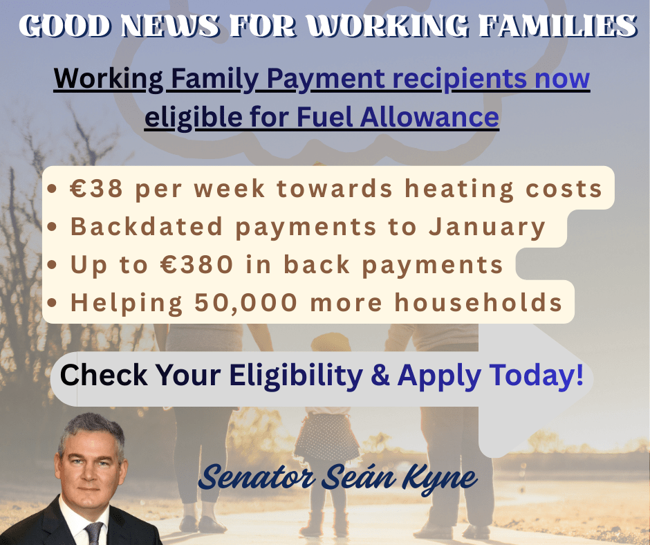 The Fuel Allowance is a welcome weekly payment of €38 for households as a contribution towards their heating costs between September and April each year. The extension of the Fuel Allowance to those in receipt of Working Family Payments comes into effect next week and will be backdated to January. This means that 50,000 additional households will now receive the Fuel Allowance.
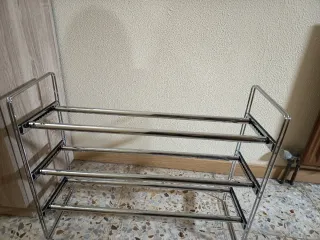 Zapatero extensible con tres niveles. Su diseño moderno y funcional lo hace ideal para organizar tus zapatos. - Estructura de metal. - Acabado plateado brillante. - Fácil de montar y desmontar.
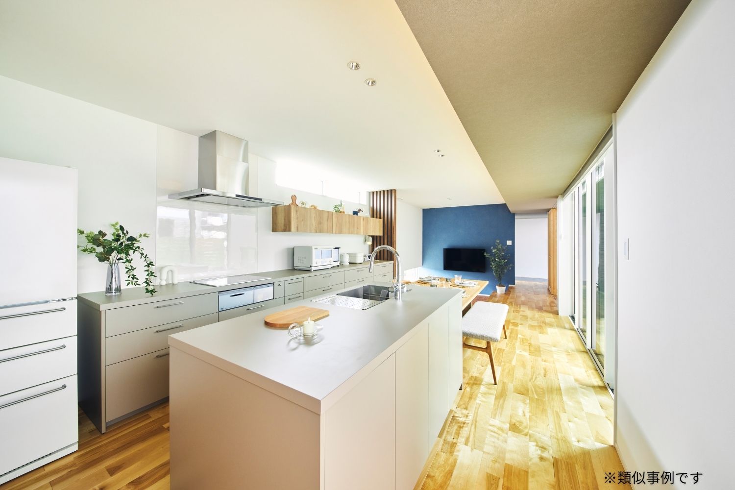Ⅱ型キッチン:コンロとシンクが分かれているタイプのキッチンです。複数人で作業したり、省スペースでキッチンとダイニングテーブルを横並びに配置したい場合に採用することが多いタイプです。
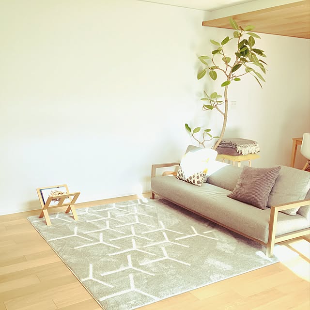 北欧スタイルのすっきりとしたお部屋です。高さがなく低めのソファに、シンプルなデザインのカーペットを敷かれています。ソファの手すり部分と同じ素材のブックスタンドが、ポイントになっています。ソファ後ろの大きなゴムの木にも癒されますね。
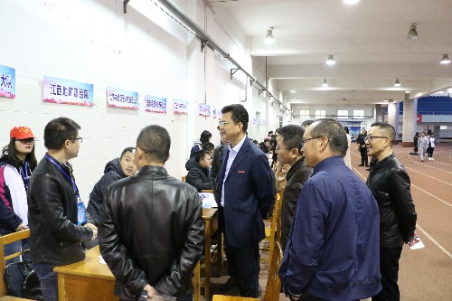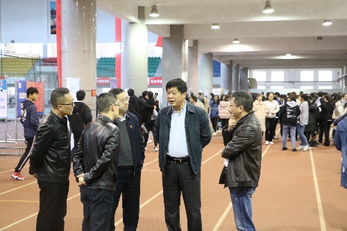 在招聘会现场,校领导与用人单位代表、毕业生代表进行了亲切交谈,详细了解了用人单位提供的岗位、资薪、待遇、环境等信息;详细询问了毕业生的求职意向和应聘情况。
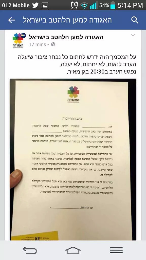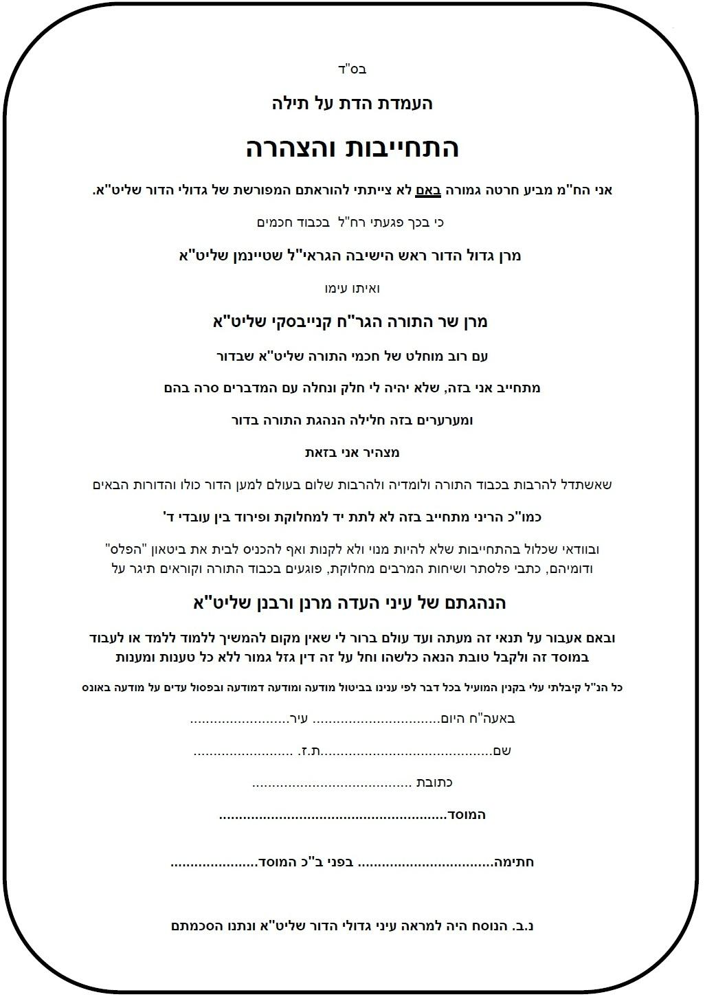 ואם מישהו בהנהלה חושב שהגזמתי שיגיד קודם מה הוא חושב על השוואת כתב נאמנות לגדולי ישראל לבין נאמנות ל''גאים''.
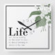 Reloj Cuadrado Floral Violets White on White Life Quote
● ● ● ●
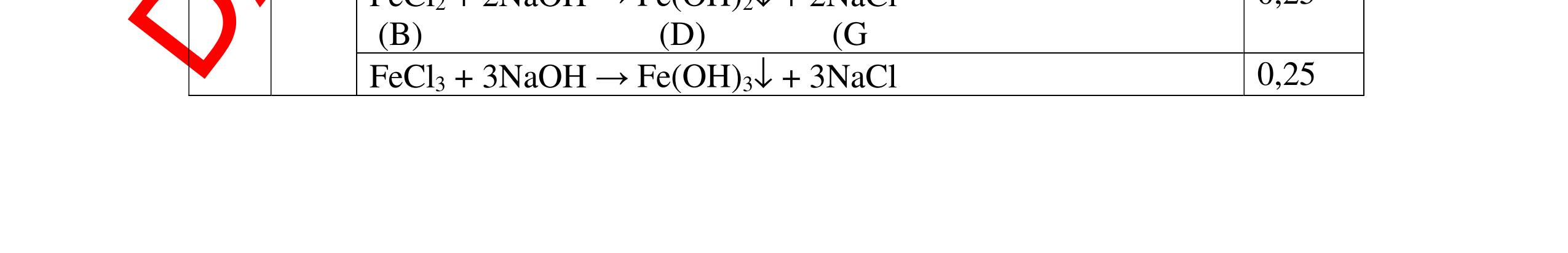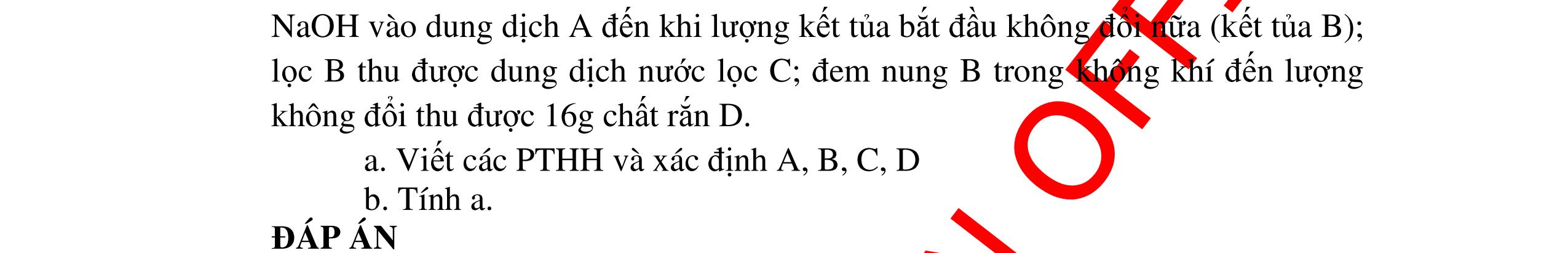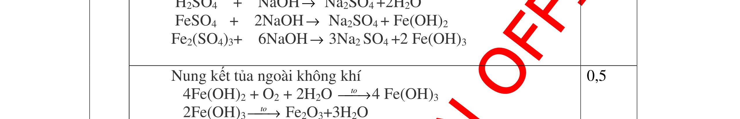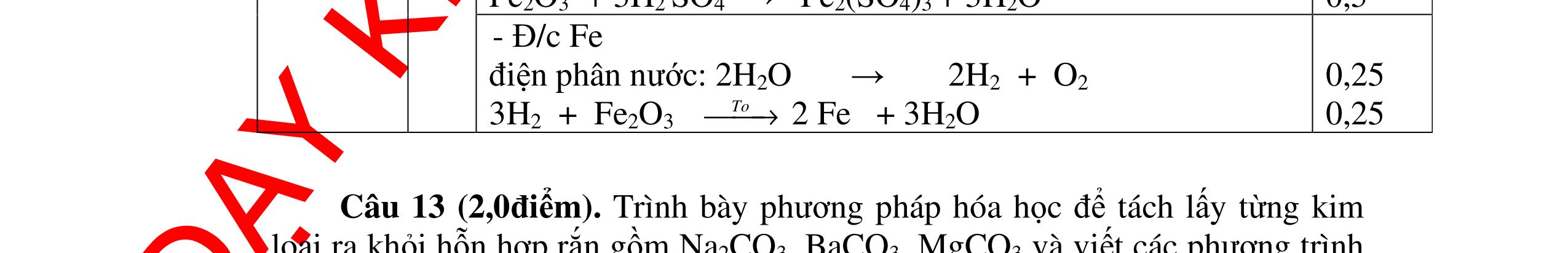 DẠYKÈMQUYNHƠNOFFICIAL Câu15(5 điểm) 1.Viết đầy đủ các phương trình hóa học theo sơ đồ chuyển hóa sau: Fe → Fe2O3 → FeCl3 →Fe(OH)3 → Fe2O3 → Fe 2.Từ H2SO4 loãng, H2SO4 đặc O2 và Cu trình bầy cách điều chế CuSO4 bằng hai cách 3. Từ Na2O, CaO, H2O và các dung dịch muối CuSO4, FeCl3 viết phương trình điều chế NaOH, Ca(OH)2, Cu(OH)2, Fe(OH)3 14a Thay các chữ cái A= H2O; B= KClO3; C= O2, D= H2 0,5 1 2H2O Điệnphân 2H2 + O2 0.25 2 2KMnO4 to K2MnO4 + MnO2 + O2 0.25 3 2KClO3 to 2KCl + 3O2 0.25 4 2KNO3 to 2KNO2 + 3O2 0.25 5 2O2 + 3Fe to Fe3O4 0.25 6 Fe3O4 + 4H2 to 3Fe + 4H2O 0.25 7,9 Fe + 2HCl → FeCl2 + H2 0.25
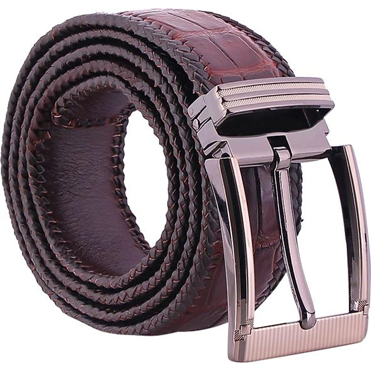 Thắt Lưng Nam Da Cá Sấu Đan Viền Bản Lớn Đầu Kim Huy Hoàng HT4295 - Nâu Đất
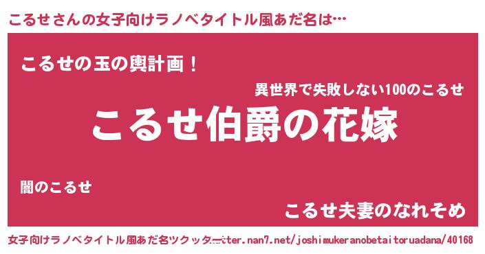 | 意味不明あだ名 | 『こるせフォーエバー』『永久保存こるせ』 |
● ● ● ●
## What is required
Copy out the listing above from the line containing "Thắt Lưng Nam" to the line containing "意味不明あだ名 | 『こるせフォーエバー』『永久保存こるせ』 |", both included, exactly as written and minus the images.

## Solution to this problem
 Thắt Lưng Nam Da Cá Sấu Đan Viền Bản Lớn Đầu Kim Huy Hoàng HT4295 - Nâu Đất
 | 意味不明あだ名 | 『こるせフォーエバー』『永久保存こるせ』 |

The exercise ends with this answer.